# Ok... so I know that no one watches this



## QuickSilver (Jun 9, 2015)

Married at First Sight...

but somehow I got sucked in at the beginning and have been watching every week..  WELL... tonight is the finale.. and the three couples get to decide if they want to stay married or get a divorce..   I have switched my guesses about who would do what several times... but now I think I know.. there will be two staying married.. and one divorcing.


----------



## Josiah (Jun 9, 2015)

You got suckered in huh?.....I confess I've never understood the appeal of reality TV....it all looks so staged.


----------



## Temperance (Jun 9, 2015)

Have seen the show several times and try to guess who shall remain together.  I agree with you QuickSilver, two will most likely stay married.


----------



## applecruncher (Jun 9, 2015)

haha!  Never watched this show, but, hey, it's gotta be better than the Bachelor/Bachelorette.  What a joke that is.  :lofl:

Enjoy!


----------



## QuickSilver (Jun 9, 2015)

Temperance said:


> Have seen the show several times and try to guess who shall remain together.  I agree with you QuickSilver, two will most likely stay married.




I'm thinking Ryan and Jacklyn will...  AND Jessicia and whatever his name is will too...   Sean and Divina I think will split.


----------



## QuickSilver (Jun 9, 2015)

Josiah said:


> You got suckered in huh?.....I confess I've never understood the appeal of reality TV....it all looks so staged.

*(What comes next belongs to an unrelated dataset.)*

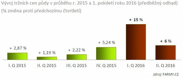 Podle odhadovaného vývoje tržních cen zemědělské půdy za první a druhé čtvrtletí 2016 roste cena zemědělské půdy v ČR rekordním tempem. Data jsou kalkulací z dosud zpracovaných údajů o realizovaných obchodech, konečné statistiky budou známy až v lednu 2017.

I know... but sometimes it's just cool to sit and be a voyeur


----------



## QuickSilver (Jun 10, 2015)

I was right...  two stayed married and one divorced.


----------



## Kadee (Jun 10, 2015)

Aussie MAFS in only in its second week, seen part one, exciting as watching paint dry


----------



## Warrigal (Jun 10, 2015)

Can't bring myself to watch shows like this. 
They make a mockery of marriage.


----------



## Ralphy1 (Jun 11, 2015)

Hey, you gotta watch something now that Honey Boo Boo has been cancelled...


----------



## Warrigal (Jun 11, 2015)

I just watched an episode of Doctor Who. That's my idea of reality TV.


----------



## Ralphy1 (Jun 11, 2015)

Maybe you will get Duck Dynasty some day...


----------



## Warrigal (Jun 11, 2015)

Is it a cooking show?


----------



## QuickSilver (Jun 11, 2015)

Dame Warrigal said:


> Is it a cooking show?



If only it were...


----------



## Warrigal (Jun 11, 2015)

Pity. 
Roast ducking. Yum.


----------



## Ralphy1 (Jun 11, 2015)

It is a primitive show about hunters.  You will enjoy it...


----------



## Temperance (Jun 12, 2015)

Finally set down and watched the finale.  Glad to see the two couples who decided to stay together.  Poor Sean & Divina.  Guess they didn't stand a chance.  From the shows I had seen they never seem to have any affection for one another.  Sad.


----------



## QuickSilver (Jun 12, 2015)

Temperance said:


> Finally set down and watched the finale.  Glad to see the two couples who decided to stay together.  Poor Sean & Divina.  Guess they didn't stand a chance.  From the shows I had seen they never seem to have any affection for one another.  Sad.



They both kind of irritated me... both were so stubborn and childish.


----------



## Butterfly (Jun 13, 2015)

ralphy1 said:


> it is a primitive show about hunters.  You will enjoy it...



blaaaagh!!!


----------